Les Vendéennes payèrent cruellement la part qu'elles avaient eue à la guerre civile. Sans parler des noyades qui suivirent, dès la bataille du Mans quelques trentaines de femmes furent immédiatement fusillées. Beaucoup d'autres, il est vrai, furent sauvées par les soldats, qui, donnant le bras aux dames tremblantes, les tirèrent de la bagarre. On en cacha tant qu'on put dans les familles de la ville. Marceau, dans un cabriolet à lui, sauva une demoiselle qui avait perdu tous les siens. Elle se souciait peu de vivre et ne fit rien pour aider son libérateur; elle fut jugée et périt. Quelques-unes épousèrent ceux qui les avaient sauvées; ces mariages tournèrent mal; l'implacable amertume revenait bientôt.
Un jeune employé du Mans, nommé Goubin, trouve, le soir de la bataille, une pauvre demoiselle, se cachant sous une porte et ne sachant où aller. Lui-même, étranger à la ville, ne connaissant nulle maison sûre, il la retira chez lui. Cette infortunée, grelottante de froid ou de peur, il la mit dans son propre lit. Petit commis à six cents francs, il avait un cabinet, une chaise, un lit, rien de plus. Huit nuits de suite, il dormit sur sa chaise. Fatigué alors, devenant malade, il lui demanda, obtint de coucher près d'elle, habillé. Inutile de dire qu'il fut ce qu'il devait être. Une heureuse occasion permit à la demoiselle de retourner chez ses parents. Il se trouva qu'elle était riche, de grande famille, et (c'est le plus étonnant) qu'elle avait de la mémoire. Elle fit dire à Goubin qu'elle voulait l'épouser: «Non, mademoiselle; je suis républicain; les bleus doivent rester bleus!»
XXXII
LA RÉACTION PAR LES FEMMES DANS LE DEMI-SIÈCLE QUI SUIT LA RÉVOLUTION.
Plusieurs choses précipitèrent la réaction, après le 9 thermidor:
La tension excessive du gouvernement révolutionnaire, la lassitude d'un ordre de choses qui imposait les plus durs sacrifices et aux sens et au coeur. Immense fut l'élan de la pitié, aveugle, irrésistible.

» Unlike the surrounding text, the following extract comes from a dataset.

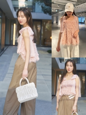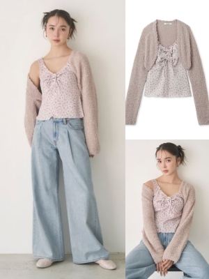 春気分を盛り上げてくれるキャッチーなデザイン♡ フリルキャミ&ボレロのセットならテクいらずでガーリーコーデの完成。
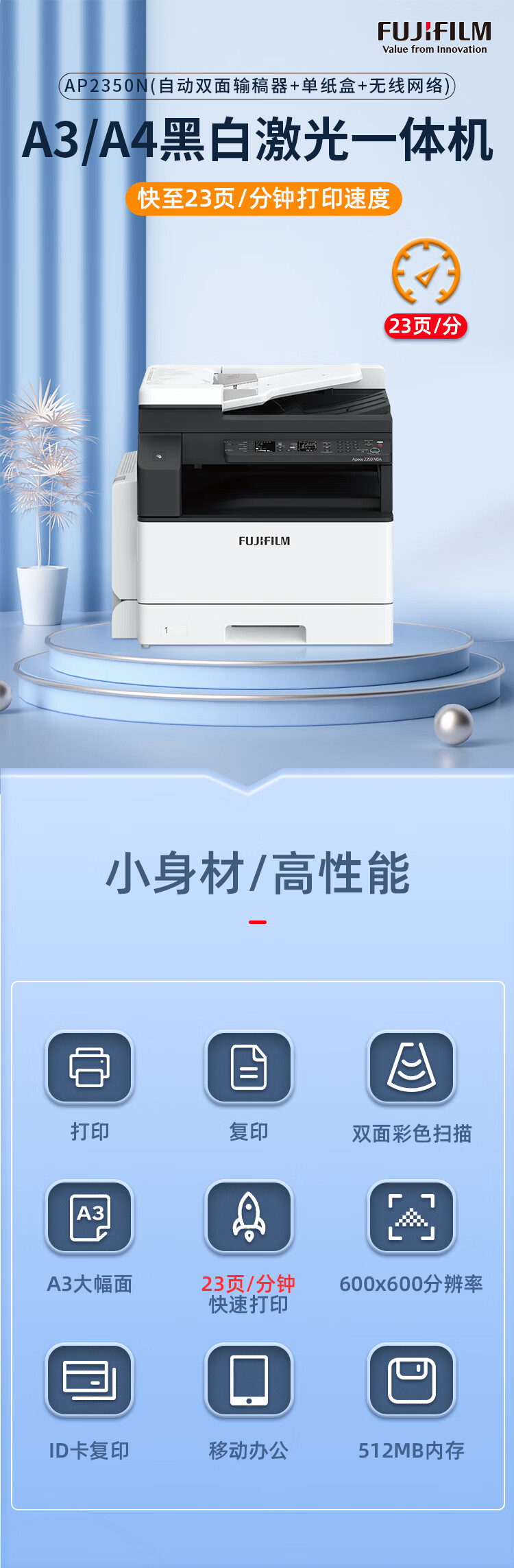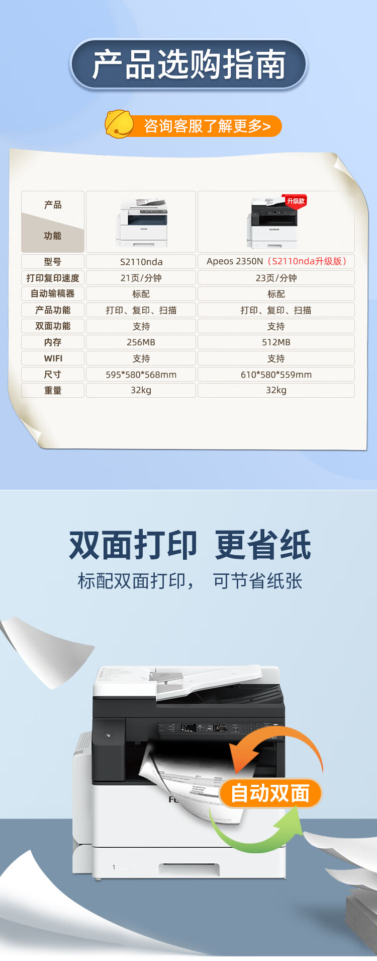 富士膠片Apeos 2350NDA A3黑白復(fù)印機(jī)(雙面、雙面輸稿器、2紙盒)

Il ne faut pas s'étonner si les femmes furent les principaux agents de la réaction.
La négligence voulue du costume, l'adoption du langage et des habitudes populaires, le _débraillé_ de l'époque, ont été flétris du nom de cynisme. En réalité, l'autorité républicaine, dans sa sévérité croissante, fut unanime pour imposer, comme garantie du civisme, l'austérité des moeurs.
La _censure_ morale était exercée, non-seulement par les magistrats, mais par les sociétés populaires. Plus d'une fois des procès d'adultère furent portés à la Commune et aux Jacobins. Les uns et les autres décident que l'homme immoral _est suspect_. Grave et sinistre désignation, plus redoutée alors qu'aucune peine!
Jamais aucun gouvernement ne poursuivit plus rudement les filles publiques.
De là les secours aux filles mères, dont on a tant parlé. En réalité, si les filles qui ont failli ne sont point secourues, elles deviennent la plupart des filles publiques. L'enfant délaissé va aux hôpitaux, c'est-à-dire qu'il meurt.
Les bals et les jeux (alors synonymes de maisons de prostitution) avaient à peu près disparu.
Les salons, où les femmes avaient tant brillé jusqu'en 92, se ferment avant 93.
Les femmes se jugeaient annulées. Sous ce gouvernement farouche, elles n'eussent été qu'épouses et mères.
La détente se lâche le 9 thermidor. Un débordement inouï, une furieuse bacchanale commença dès le jour même.